Huteau is a big believer in VR -- and its chance at having broad appeal.

"With Eagle Flight, we really have this objective of creating a more mainstream and more for-everybody-oriented products. Because we believe that VR is such an astonishing technology that I want to share it with my wife, my kids, my parents. I want them to year-one try it," Huteau says.  

"That's why we alaso decided to go with a fantasy that is really mainstream, and really open to everybody. It's a nonviolent world, it's a come-back of nature in the city. You play an eagle, and you can explore and see that wonderful landscape of Paris in the nature."

"We are not so worried about finding an audience," says Huteau. "The goal is more building the right products for them, and the right products for VR."


Eagle Flight concept

R&D experiments benefit the whole studio

There's another upshot, too: The lessons Huteau's team learn by building Eagle Flight can feed back into Ubisoft Montreal's other teams, who are too busy crafting its sure-fire hits to stop and play around.

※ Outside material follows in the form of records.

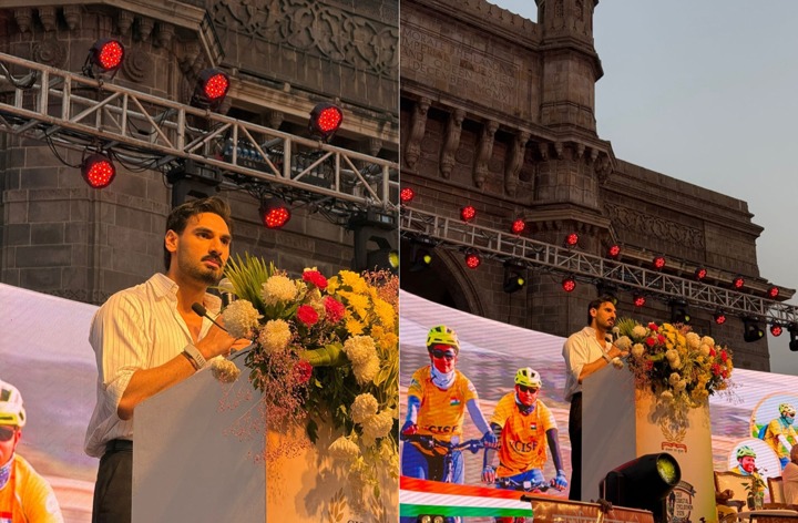 मुंबई: अभिनेता अहान शेट्टी ने गेटवे ऑफ इंडिया पर CISF के ‘वंदे मातरम कोस्टल साइक्लोथॉन 2026’ के मुंबई चरण में साइकिलिंग की।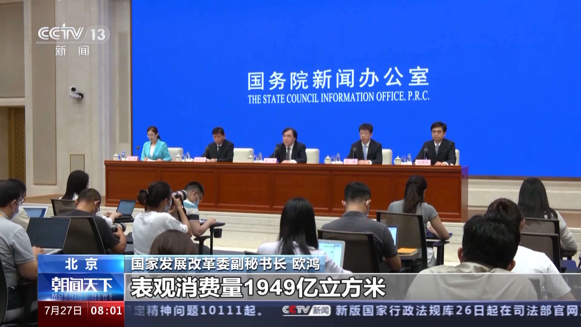 国家发展改革委副秘书长 欧鸿:据调度统计,上半年全国天然气表观消费量1949亿立方米,同比增长6.7%。入夏以来,单日最高发电用气超过2.5亿立方米,有力支撑了气电顶峰出力。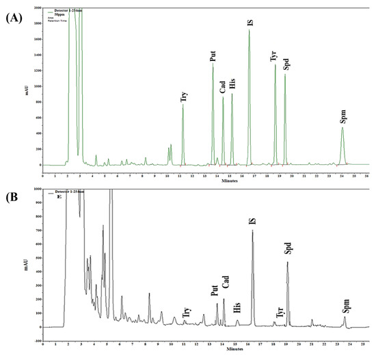 Representative HPLC chromatograms of all analyzed biogenic amines at λ = 254 nm. (A) Chromatogram of the standard mixture. (B) Representative chromatogram of one of the samples (ethanol extract). Try, tryptamine; Put, putrescine; Cad, cadaverine; His, histamine; IS (internal standard); Tyr, tyramine; Spd, spermidine; Spm, spermine.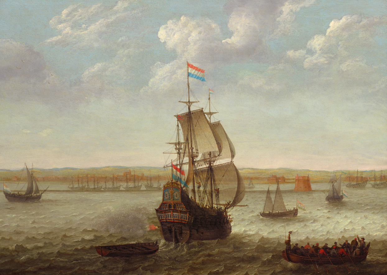 A c. 1640 painting showing a Dutch ship in the harbour of Recife, Portuguese Brazil. Painted by Abraham Willaerts. (Het Scheepvaartmuseum, Amsterdam)
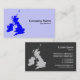 Ett affärskort med karta på de brittiska öarna. Företagsdetaljer på framsidan med namn och kontaktuppgifter på baksidan i ett tonalt stil som kontrasterar framsidan.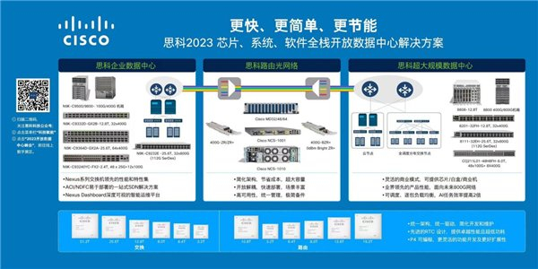 思科2023芯片、系统、软件全栈开放数据中心解决方案亮相本次大会Demo展台,涵盖了思科在芯片、超大规模数据中心、企业数据中心和数据中心互联的路由光网络等众多领域的最新技术成果,为客户带来更快、更简单和更节能的解决方案和产品家族,全方位展现出思科作为全球领先网络解决方案厂商的先进性。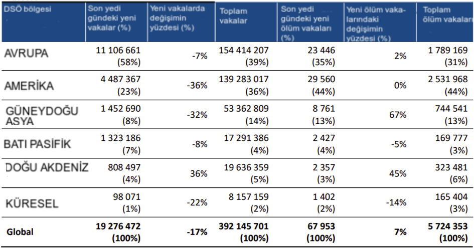 Küresel olarak, 31 Ocak - 6 Şubat 2022 tarihleri arasında, haftalık yeni COVID-19 vakalarının sayısı bir önceki hafta bildirilen sayıya göre %17 azalırken, yeni ölüm vakalarının sayısı %7 artmıştır (şekil 1) . Altı DSÖ bölgesinde 19 milyondan fazla yeni vaka ve 68.000'den az yeni ölüm vakası rapor edilmiştir (tablo 1). 6 Şubat 2022 itibariyle, dünya çapında 392 milyondan fazla doğrulanmış vaka ve 5,7 milyondan fazla ölüm vakası rapor edilmiştir.

"I think that the triple-A projects count on us to explore, and diversify, and find new territories," Huteau says. "That's a really good thing about the structure of Ubisoft Montreal. We're not separated from the rest of the studio."

And this isn't just about developing techniques to reduce motion sickness or experiment with VR camera angles; there are design experiments, too. The company is famous for its open-world games, but Huteau's team, is taking them in a new direction for the company. That feeds back to Ubisoft Montreal at large.

"We have this concept of free flight mode... What we learned is that players are loving that. For once, there is no objective, there is no time pressure, there is no completion to make. They can, however, have an amazing experience and a really peaceful experience. When we discuss and present that with other projects, we find that it's very interesting."

"With a smaller project, we can do that. With ours, we can bring back answers. We can see if it's a good call or not, and at least we have this space to experiment."

Of course, though, the team is also learning vauable lessons about devleoping virtual reality games:  "we can focus on immersion and sensation," Huteau says. "We work a lot to polish the feeling of flying -- the sound, when you pass the trees."

Thea team focuses on "a really good emotional and sensation experience to have with the game, so we learn a lot."

For Eagle Flight, he says, "the new controls are cumulative recipe of several techniques we learned in the past year. We are pretty confident we have something fresh or new. For us, it is really a breakthrough. It's not something a little better; it's really something new for the game."